= SAP Business ByDesign =

Technology company

Logo of SAP Business ByDesign

SAP Business ByDesign (ByD) is a cloud enterprise resource planning software (Cloud ERP) that is sold and operated as software as a service by SAP SE. It is designed for small and medium-sized enterprises. The software is designed to provide business processes across application areas from financials to human resources with embedded business analytics, mobility, e-learning, and support.

SAP Business ByDesign is built on the principles of a service oriented architecture (SOA). Integration between business capabilities is accomplished via messages. The underlying technology stack is a multi-tenancy enabled SAP NetWeaver stack, leveraging SAP's in-memory HANA database.

SAP Business ByDesign is used by almost 10.000 companies in more than 140 countries and supports 41 languages (13 standard and 28 partner translated, including simplified Chinese, Japanese, Korean, Polish, Hebrew). It is localized for 65 countries (standard localizations, pre-localizations and partner localizations). In addition customers and partners can create custom country and language versions using the Localization and Language Toolkit provided by SAP. Examples for the 72 localizations by customers or partners are Taiwan, Malaysia, Vietnam, Chile and Peru.
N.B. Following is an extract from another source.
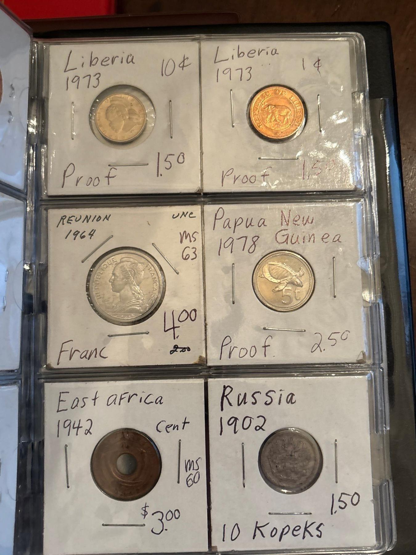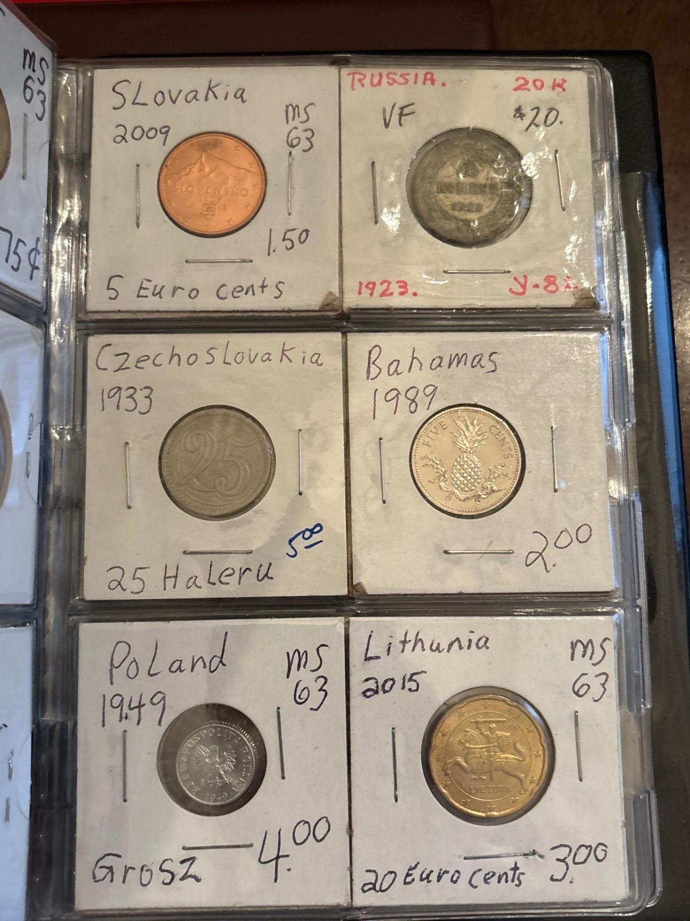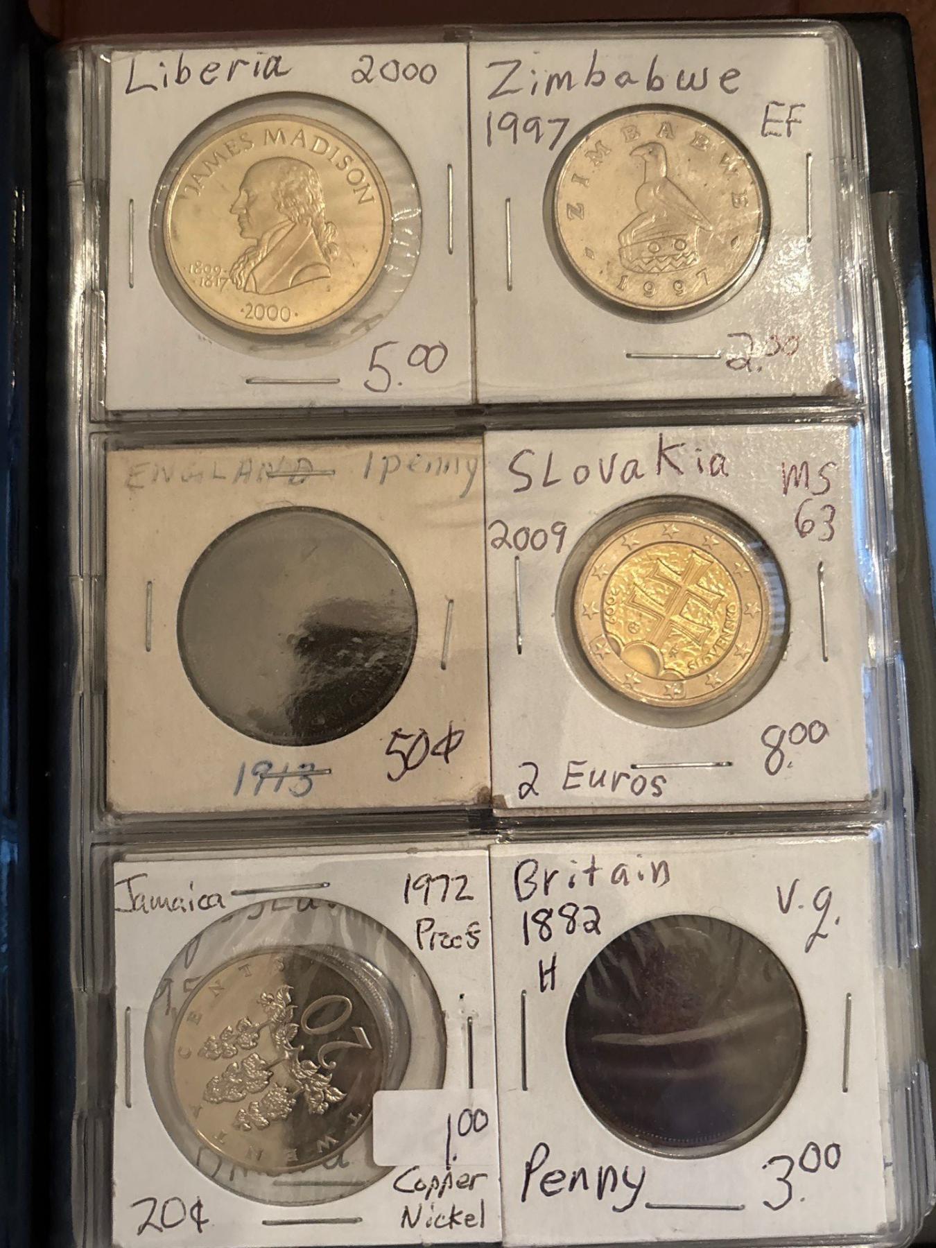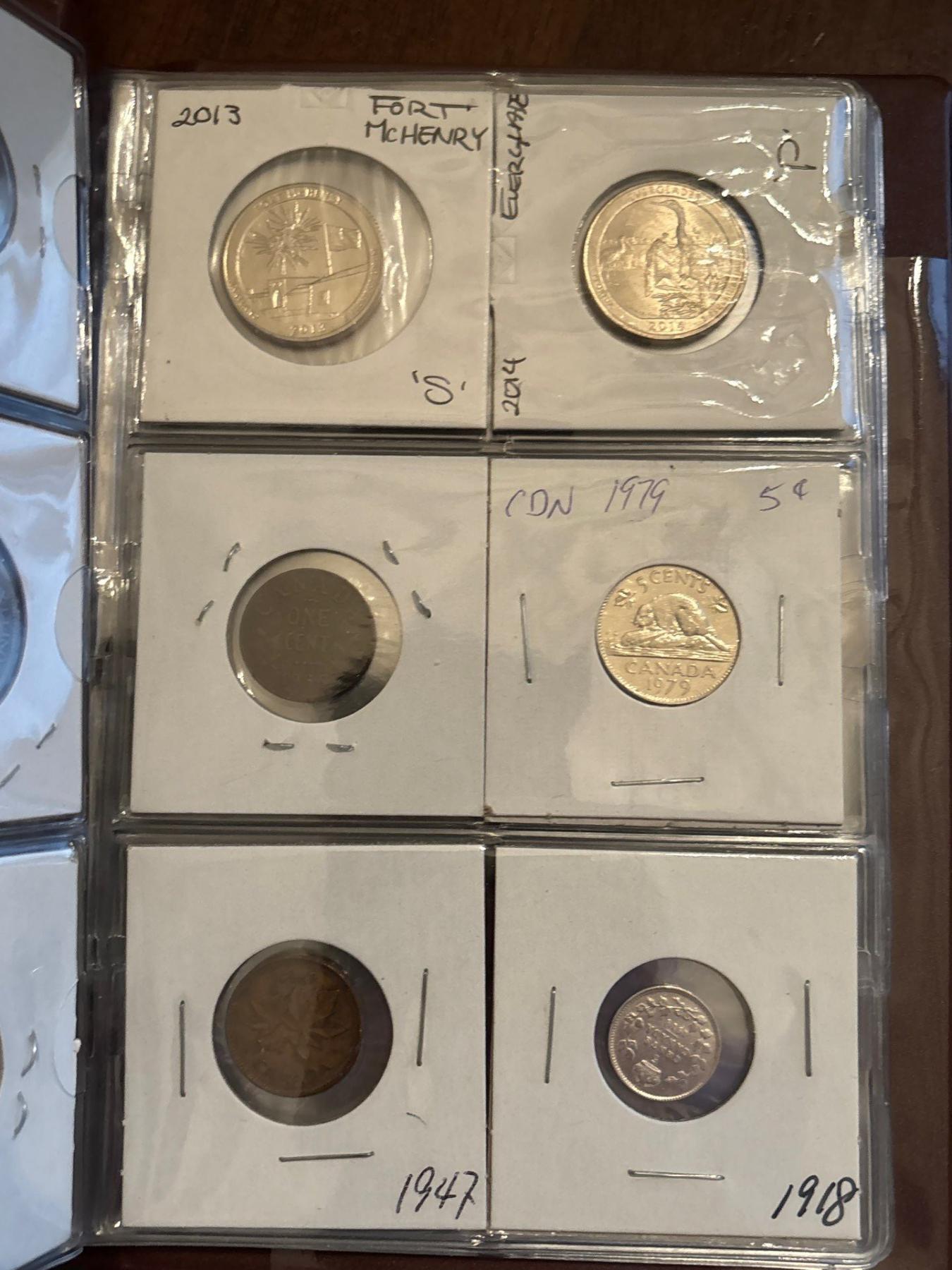 3 Coin Collecting Books with Several Canadian & world Silver Coins .
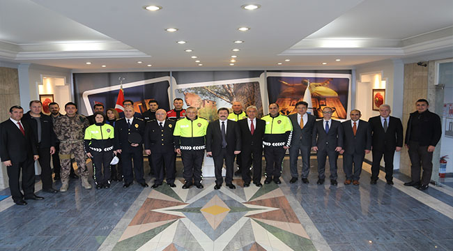 Türk Polis Teşkilatının 174. kuruluş yıldönümü dolayısıyla İl Emniyet Müdürü Celal Sel ve İl Emniyet Müdürlüğü personeli Vali Orhan TAVLI’yı ziyaret ettiler.

== Business areas and scenarios ==
SAP Business ByDesign processes are grouped by application areas interlinked by so-called business scenarios. Scenarios provide business processes which span across companies, partners, departments and its employees. The main application areas and core business scenarios are:

- Financial management (FIN): Cash and Liquidity Management, Financial Closing, Fixed Asset Management
- Customer relationship management (CRM): Marketing to Opportunity, Field Service and Repair, Order to cash (projects, standard service, materials)
- Project management and professional service automation (PSA / PRO): Project Management
- Supplier relationship management and procurement (SRM): Procure to pay (stock and non stock)
- Supply chain management (SCM): Demand Planning, Strategic sourcing, Make to stock, Physical Inventory Management,
- Human resources management (HRM): Expense Reimbursement, Resource Management, Time and Labor Management
- Business analytics (BA or BI)
- Executive support and compliance management.

== History ==
SAP announced SAP Business ByDesign on 19 September 2007 during an event in New York. It was previously known under the code name "A1S". Since its initial and general available release in 2007 (so-called feature pack 1.2) it has been enhanced in quarterly releases.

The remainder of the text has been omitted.